You are asked to copy the entire listing exactly, apart from its pictures.
=== Section Start ===
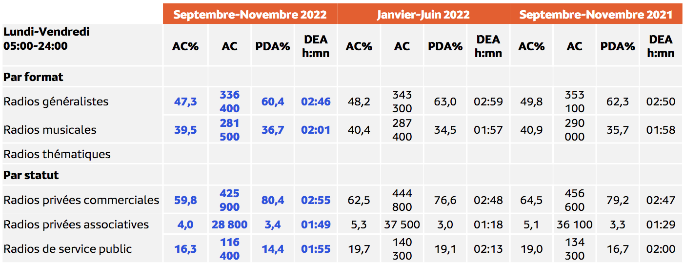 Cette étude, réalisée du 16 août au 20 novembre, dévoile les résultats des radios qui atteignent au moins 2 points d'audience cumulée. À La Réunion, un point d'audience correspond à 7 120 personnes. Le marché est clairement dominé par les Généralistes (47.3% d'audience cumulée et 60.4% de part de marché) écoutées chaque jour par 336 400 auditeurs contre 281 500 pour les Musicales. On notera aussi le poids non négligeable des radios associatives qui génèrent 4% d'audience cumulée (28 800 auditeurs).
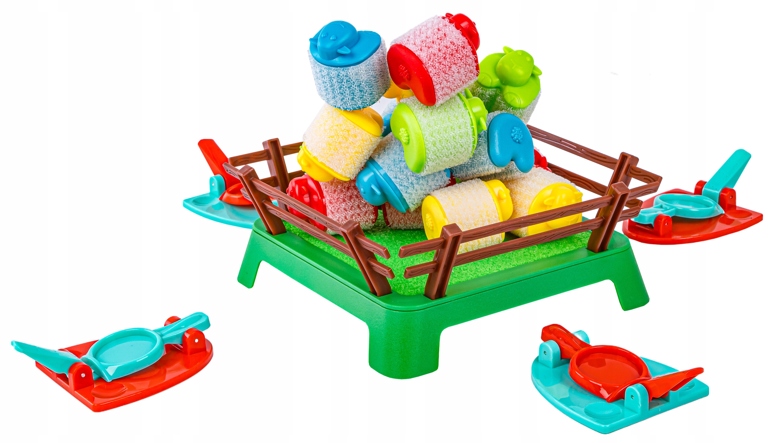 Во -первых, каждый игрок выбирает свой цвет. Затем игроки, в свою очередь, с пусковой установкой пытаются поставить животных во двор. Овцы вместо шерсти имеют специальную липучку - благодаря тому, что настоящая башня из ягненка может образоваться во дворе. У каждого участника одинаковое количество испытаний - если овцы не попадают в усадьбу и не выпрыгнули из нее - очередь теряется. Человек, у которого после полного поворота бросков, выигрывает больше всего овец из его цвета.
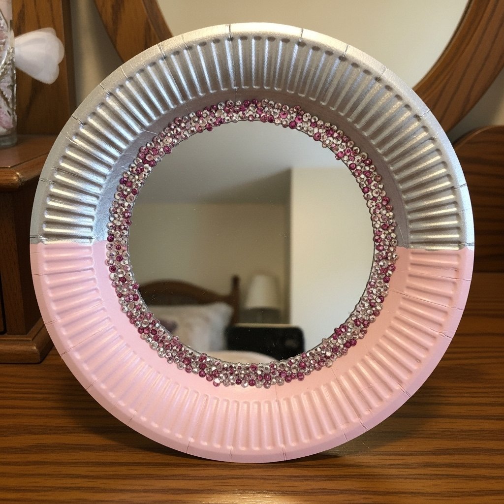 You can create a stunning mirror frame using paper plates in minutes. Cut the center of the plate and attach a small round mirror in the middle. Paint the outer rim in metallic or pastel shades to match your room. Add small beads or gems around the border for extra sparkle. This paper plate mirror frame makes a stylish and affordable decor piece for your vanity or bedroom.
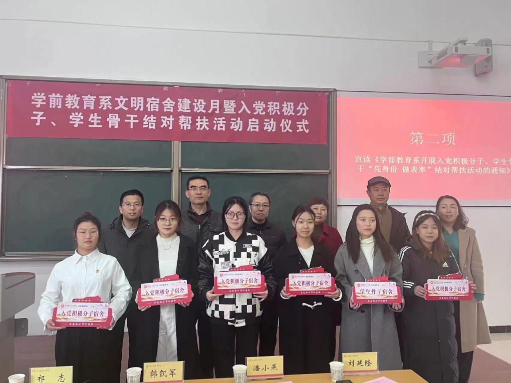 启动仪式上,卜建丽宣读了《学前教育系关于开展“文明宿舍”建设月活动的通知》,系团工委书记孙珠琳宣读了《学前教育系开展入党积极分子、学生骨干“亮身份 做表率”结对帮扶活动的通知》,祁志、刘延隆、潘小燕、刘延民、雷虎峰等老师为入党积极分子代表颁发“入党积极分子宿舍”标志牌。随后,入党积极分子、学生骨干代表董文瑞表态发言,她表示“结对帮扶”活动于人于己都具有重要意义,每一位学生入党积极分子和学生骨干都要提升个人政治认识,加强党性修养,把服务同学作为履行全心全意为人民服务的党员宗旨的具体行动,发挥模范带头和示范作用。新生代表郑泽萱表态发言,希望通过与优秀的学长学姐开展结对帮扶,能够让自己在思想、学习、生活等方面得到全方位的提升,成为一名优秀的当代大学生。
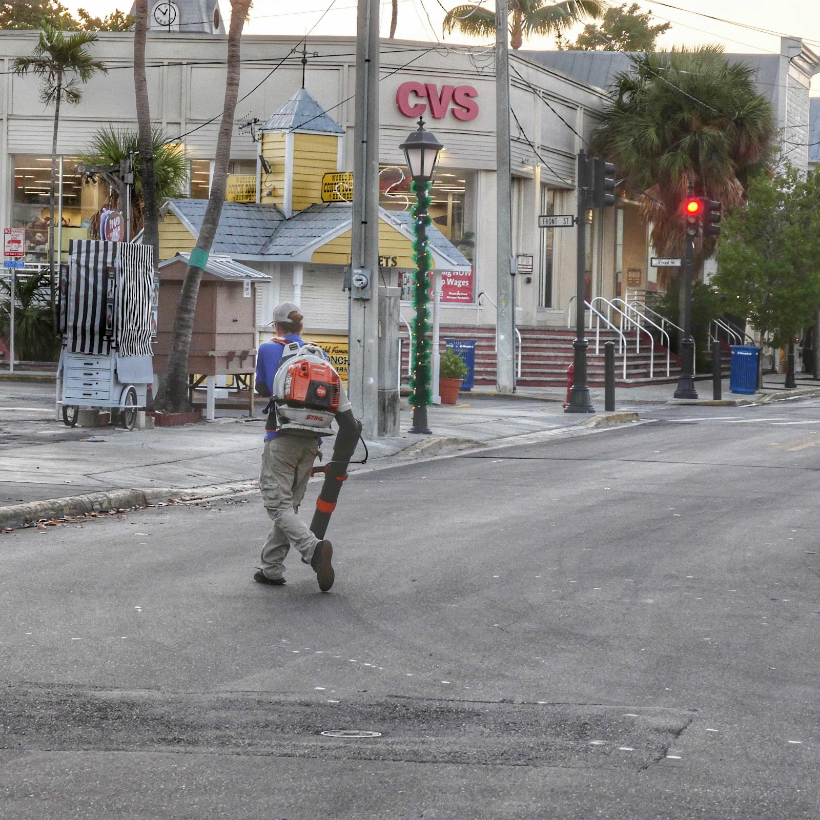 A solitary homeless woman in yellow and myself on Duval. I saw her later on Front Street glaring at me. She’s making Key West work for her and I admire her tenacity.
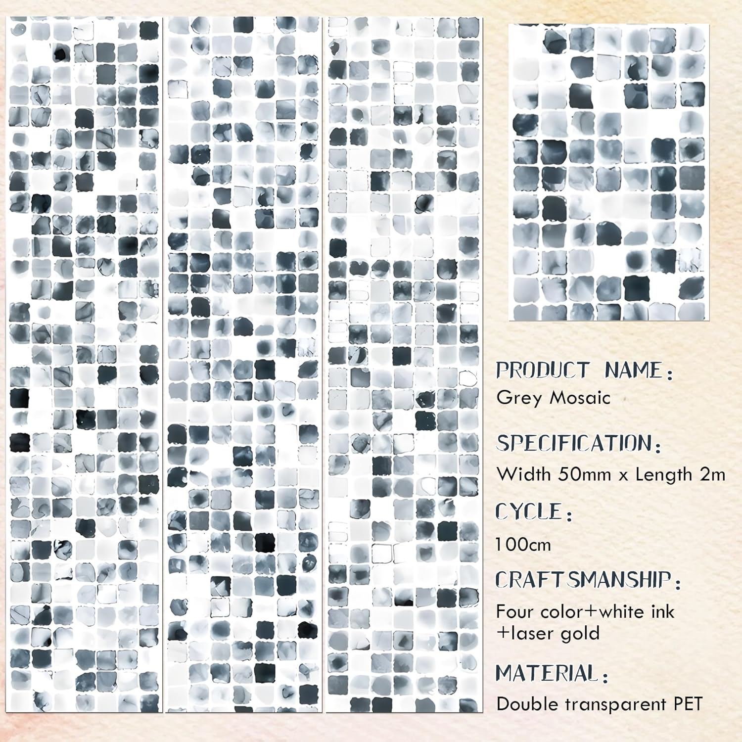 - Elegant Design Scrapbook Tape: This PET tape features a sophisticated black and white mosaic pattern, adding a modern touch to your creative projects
=== Section End ===
Task result:
 Cette étude, réalisée du 16 août au 20 novembre, dévoile les résultats des radios qui atteignent au moins 2 points d'audience cumulée. À La Réunion, un point d'audience correspond à 7 120 personnes. Le marché est clairement dominé par les Généralistes (47.3% d'audience cumulée et 60.4% de part de marché) écoutées chaque jour par 336 400 auditeurs contre 281 500 pour les Musicales. On notera aussi le poids non négligeable des radios associatives qui génèrent 4% d'audience cumulée (28 800 auditeurs).
 Во -первых, каждый игрок выбирает свой цвет. Затем игроки, в свою очередь, с пусковой установкой пытаются поставить животных во двор. Овцы вместо шерсти имеют специальную липучку - благодаря тому, что настоящая башня из ягненка может образоваться во дворе. У каждого участника одинаковое количество испытаний - если овцы не попадают в усадьбу и не выпрыгнули из нее - очередь теряется. Человек, у которого после полного поворота бросков, выигрывает больше всего овец из его цвета.
 You can create a stunning mirror frame using paper plates in minutes. Cut the center of the plate and attach a small round mirror in the middle. Paint the outer rim in metallic or pastel shades to match your room. Add small beads or gems around the border for extra sparkle. This paper plate mirror frame makes a stylish and affordable decor piece for your vanity or bedroom.
 启动仪式上,卜建丽宣读了《学前教育系关于开展“文明宿舍”建设月活动的通知》,系团工委书记孙珠琳宣读了《学前教育系开展入党积极分子、学生骨干“亮身份 做表率”结对帮扶活动的通知》,祁志、刘延隆、潘小燕、刘延民、雷虎峰等老师为入党积极分子代表颁发“入党积极分子宿舍”标志牌。随后,入党积极分子、学生骨干代表董文瑞表态发言,她表示“结对帮扶”活动于人于己都具有重要意义,每一位学生入党积极分子和学生骨干都要提升个人政治认识,加强党性修养,把服务同学作为履行全心全意为人民服务的党员宗旨的具体行动,发挥模范带头和示范作用。新生代表郑泽萱表态发言,希望通过与优秀的学长学姐开展结对帮扶,能够让自己在思想、学习、生活等方面得到全方位的提升,成为一名优秀的当代大学生。
 A solitary homeless woman in yellow and myself on Duval. I saw her later on Front Street glaring at me. She’s making Key West work for her and I admire her tenacity.
 - Elegant Design Scrapbook Tape: This PET tape features a sophisticated black and white mosaic pattern, adding a modern touch to your creative projects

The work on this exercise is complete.